The Vitaphone technology was eventually replaced by something more reliable. But adopting it catapulted Warner Bros. into the top tier of movie studios. Net profit jumped from $2 million in 1928 to $17 million in 1929, the year the studio received an award at the first Oscar ceremony for helping to introduce talkies.

The lesson: Innovation and smart risk-taking go hand in hand. After everyone concluded that audiences didn't want to watch movies with sound tracks, and that the technology wasn't good enough, the Warner brothers proved the conventional wisdom wrong. Their willingness to take a risk to innovate enriched their business and helped turn the movies into a truly mass medium.

Take two: Pay attention to the customer.

Hollywood studios scrambled in the 1950s to respond to the new medium of television, which delivered free entertainment to American living rooms. Many of the strategies involved offering an experience that couldn't be duplicated at home: movies in 3-D, Smell-o-Vision and Cinerama, which relied on three projectors (and an army of projectionists) to create a panoramic, immersive image on the screen.

One technology that stuck was CinemaScope, developed by 20th Century Fox. It succeeded because Fox's president had been a theater owner and understood how acutely cost-conscious they were. The technology was cheaper and simpler than its competitors (relying primarily on a special projector lens that expanded the image across a wider screen). Fox offered it in two flavors: one with standard monaural sound, and a pricier version with four-channel surround sound. Its first movie to employ the technology was The Robe, a biblical epic starring Richard Burton. Within a year of its release, about half of U.S theaters were equipped to show movies in CinemaScope, and every studio—aside from Paramount—had licensed the technology from Fox.
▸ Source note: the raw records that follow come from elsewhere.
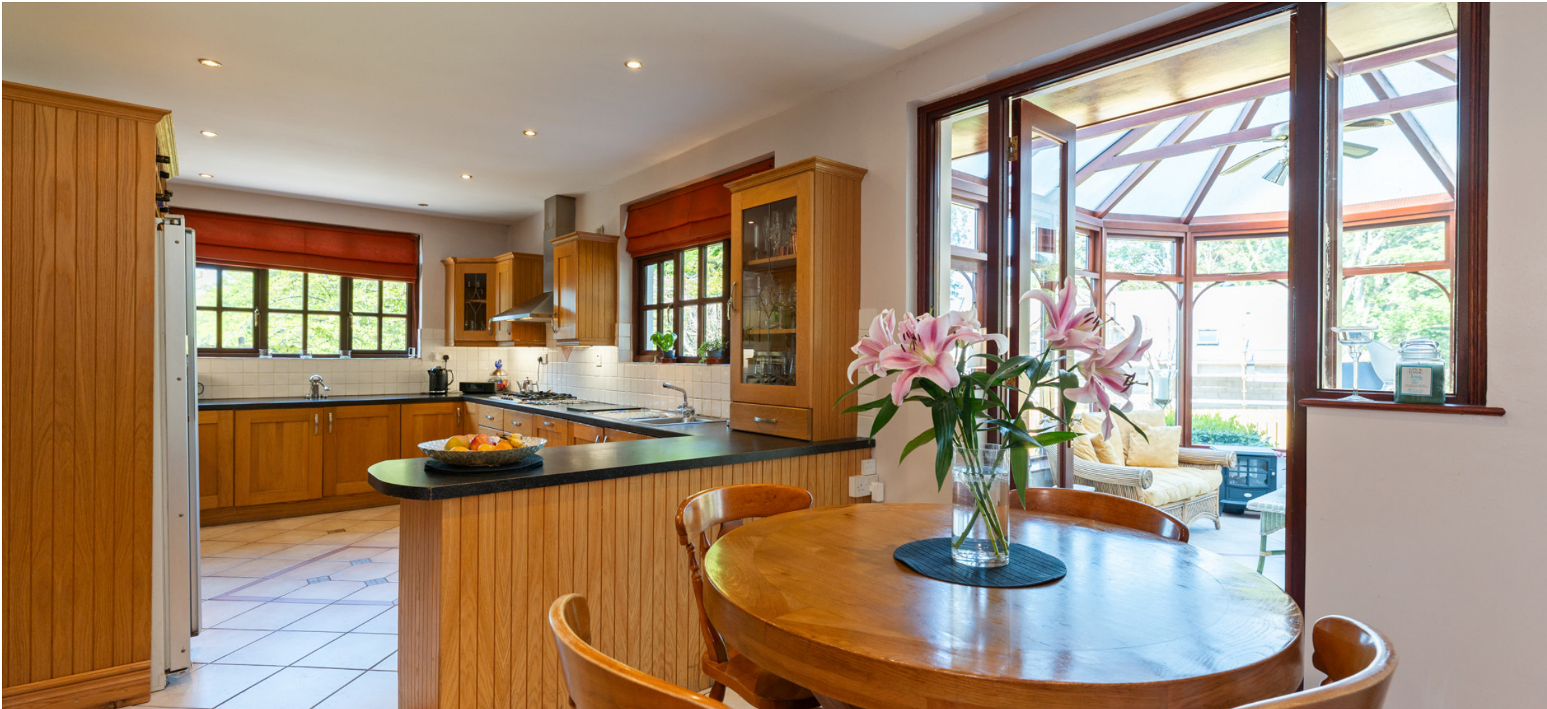
Solid oak kitchen
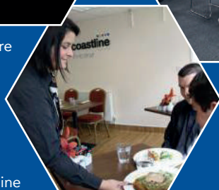
Coastline Coffee Shop
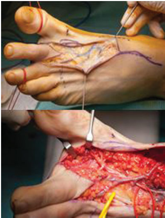
Fig. 3 Intraoperative detail during the harvesting of the second toe of the left foot. The dissection of the superficial venous network on which the venous drainage of the flap will be based is on the left side. The dorsal vein, first dorsal metatarsal artery (red vessel loop) and extensor tendon (yellow vessel loop) are at the right side of the image.
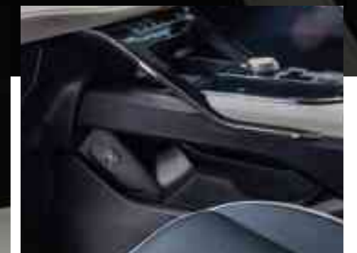
Rotary Shift + Dual Level Centre Console with Extra Storage
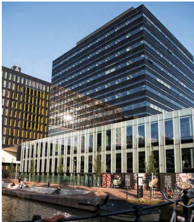
The impressive ACLPA building.

legal practice. The centre maintains a close relationship with legal practice, be it the judiciary, the Dutch Bar or the Municipality of Amsterdam.

The lesson: Innovations like Cinerama may have been more dazzling than CinemaScope, but simplicity and low-cost often create an insurmountable market advantage. Understanding the user's mind-set is also crucial.

Take three: Build buy-in.

As he revived his Star Wars franchise, George Lucas decided to explore digitally projecting Star Wars Episode I: The Phantom Menace, so the movie's 1,000th showing would look as good as the first. He turned to projectors from Texas Instruments (TI) and Hughes-JVC. Today, almost 100 percent of the digital projectors in U.S. movie theaters rely on technology from TI. The Hughes-JVC projector proved temperamental, but TI also had a better strategy for winning industry buy-in. It held a series of demos at which directors and cinematographers watched movie clips shown with prototype projectors and gave feedback. After each demo, TI improved its digital light processor technology and brought it back for another round.

The lesson: Win stakeholder buy-in before implementing something new. Dropping a technology on users without letting them influence how it works is a recipe for disaster. Today, Hollywood is trying to assess how the Internet and devices like cell phones and the iPod will affect the business. Many are in full preservationist mode, complaining that cinematic spectacles don't look very good on a Saltine-sized screen. Getting behind the right innovations, I'd argue, is what will ensure the industry's continued profitability and survival. And that's not too different from the role a CIO plays in his company.